⟨

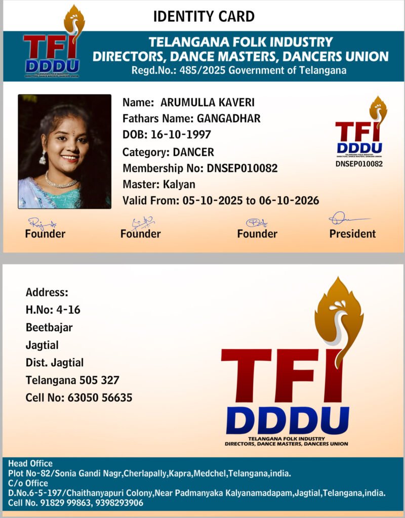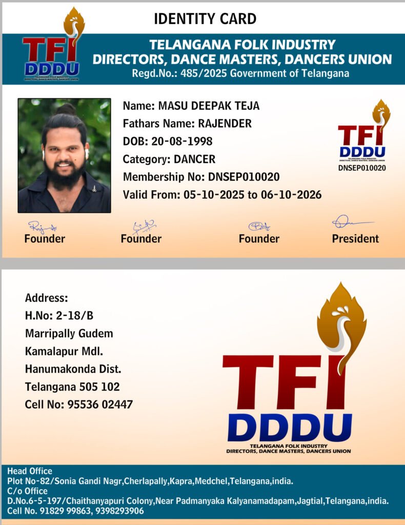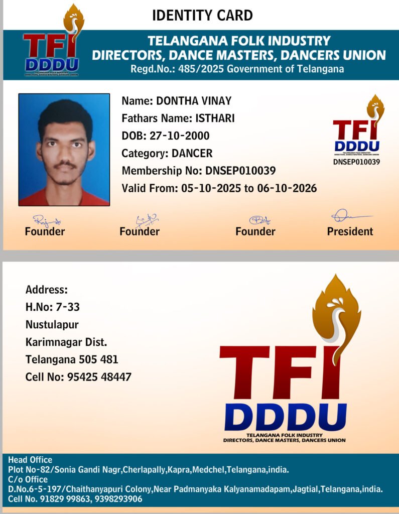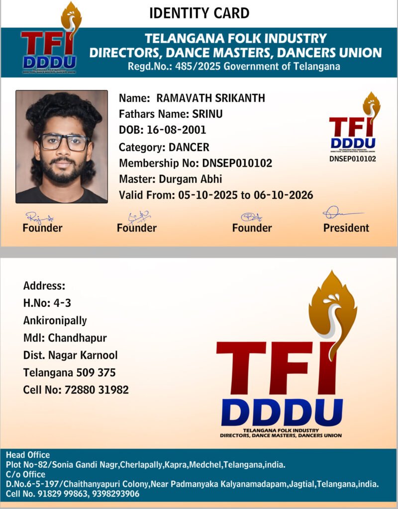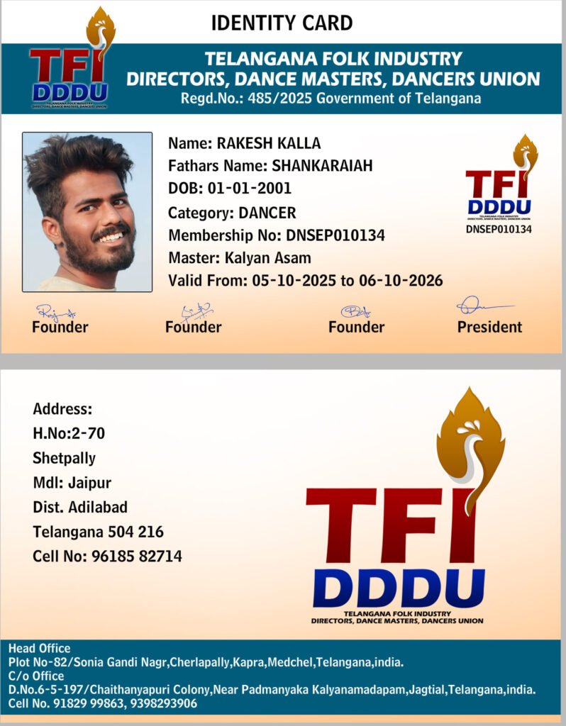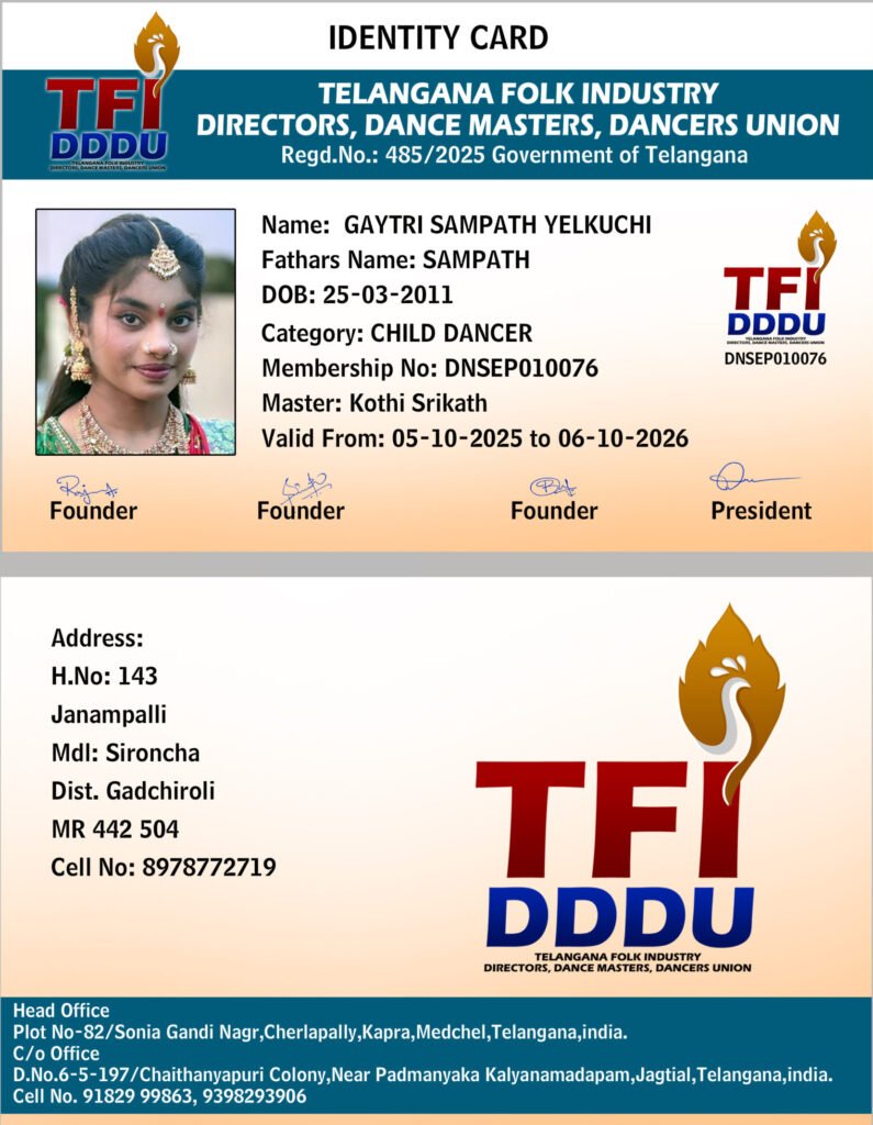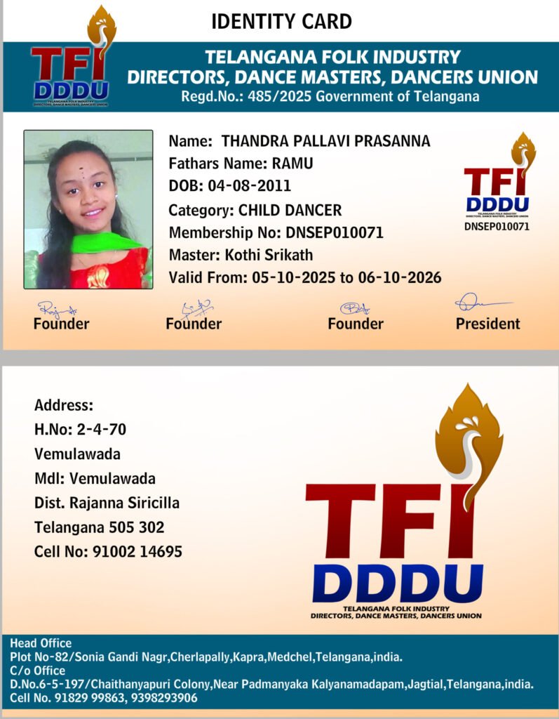 "Telangana Folk Industry Directors Dance masters Dancers Union" refers to an organization (union or association) that represents and supports professionals involved in the folk dance and film industry in the Indian state of Telangana.
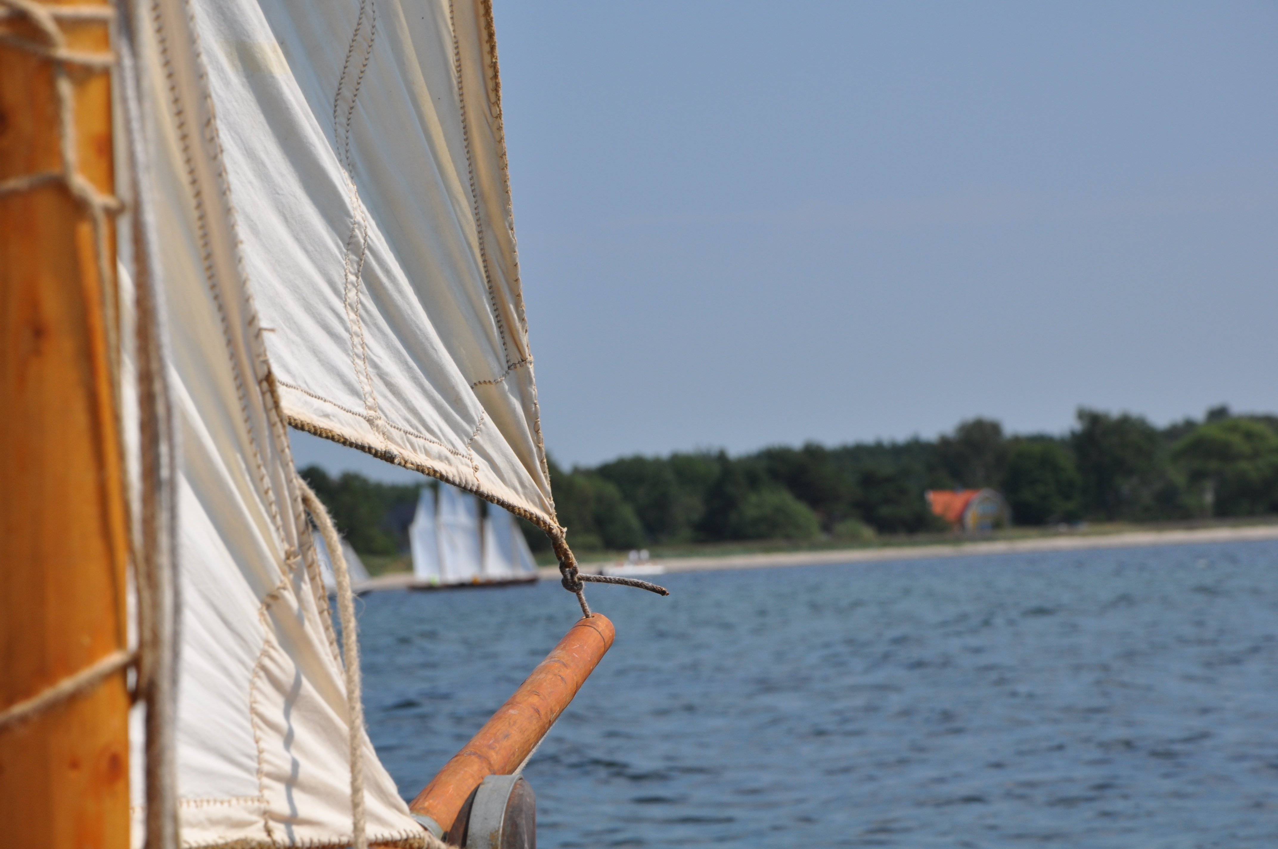 ...är det känsligt att skotningen är lagom att man inte får backvind i seglen eller skotar för hårt så båten krängs ner i onödan. Korrekt skotning gör att trycket på rodret neutraliseras. Båten skall dock vara något lovgirig.
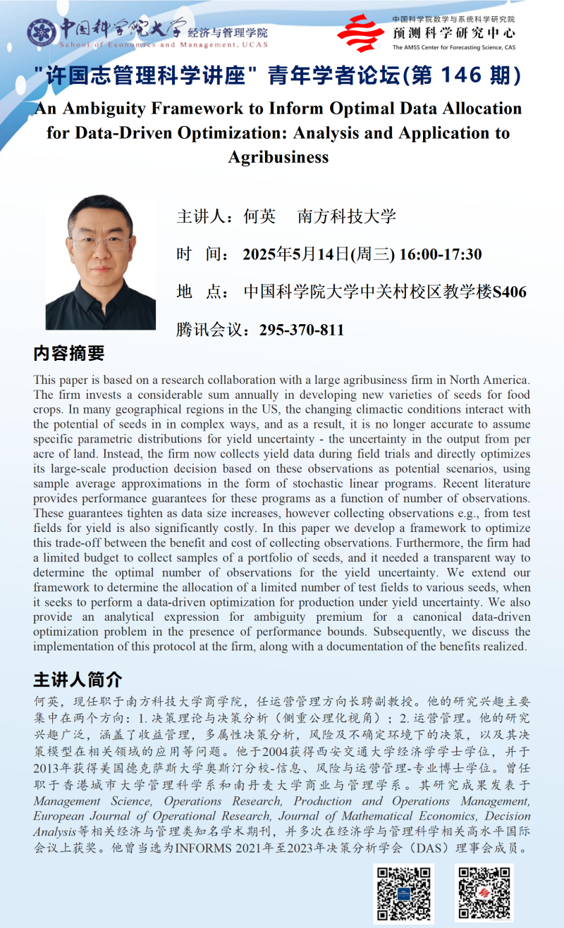 地点:中关村校区教学楼S406 腾讯会议:295-370-811主讲人:何英联系人:经管学院联系方式:01082680913开始时间:2025-05-14 16:00:00结束时间:2025-05-14 17:30:00内容:
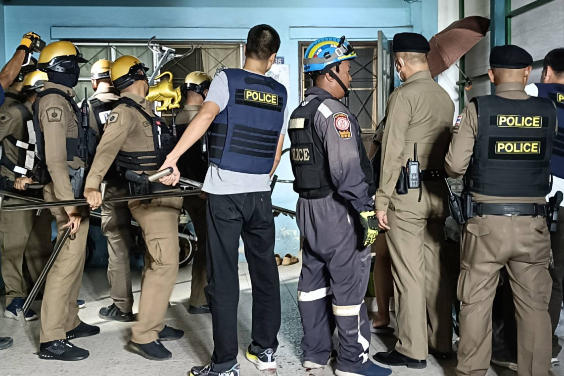 ต่อมา เจ้าหน้าที่ ได้ร้องขออุปกรณ์เพื่อตัดประตูเข้าไป และได้บุกเข้าบ้านใช้อุปกรณ์ตัดกุญแจ เพื่อพังประตูเข้าไป แล้วชายคุ้ม คลั่งดังกล่าวได้วิ่งขึ้นไปบนบ้านชั้น 2 และได้ลงมาชั้นล่าง จากนั้นเจ้าหน้าที่ตำรวจได้พังประตูเข้าไป ซึ่งในขณะนั้นก็ยังเกลี้ยกล่อมและได้บุกชาร์จจนสำเร็จ หลังจากที่นำชายออกมาจากบ้าน ชายคนดังกล่าวสามารถควบคุมสติอารมณ์ได้แต่ยังอะโวยวายคล้ายกับคนเสพสารเสพติด ทราบชื่อ นายแบงค์ อายุประมาณ 35 ปี

⟩

• To do
When you repeat the material above, keep every word exact and leave out the pictures.

• Answer box
 "Telangana Folk Industry Directors Dance masters Dancers Union" refers to an organization (union or association) that represents and supports professionals involved in the folk dance and film industry in the Indian state of Telangana.
 ...är det känsligt att skotningen är lagom att man inte får backvind i seglen eller skotar för hårt så båten krängs ner i onödan. Korrekt skotning gör att trycket på rodret neutraliseras. Båten skall dock vara något lovgirig.
 地点:中关村校区教学楼S406 腾讯会议:295-370-811主讲人:何英联系人:经管学院联系方式:01082680913开始时间:2025-05-14 16:00:00结束时间:2025-05-14 17:30:00内容:
 ต่อมา เจ้าหน้าที่ ได้ร้องขออุปกรณ์เพื่อตัดประตูเข้าไป และได้บุกเข้าบ้านใช้อุปกรณ์ตัดกุญแจ เพื่อพังประตูเข้าไป แล้วชายคุ้ม คลั่งดังกล่าวได้วิ่งขึ้นไปบนบ้านชั้น 2 และได้ลงมาชั้นล่าง จากนั้นเจ้าหน้าที่ตำรวจได้พังประตูเข้าไป ซึ่งในขณะนั้นก็ยังเกลี้ยกล่อมและได้บุกชาร์จจนสำเร็จ หลังจากที่นำชายออกมาจากบ้าน ชายคนดังกล่าวสามารถควบคุมสติอารมณ์ได้แต่ยังอะโวยวายคล้ายกับคนเสพสารเสพติด ทราบชื่อ นายแบงค์ อายุประมาณ 35 ปี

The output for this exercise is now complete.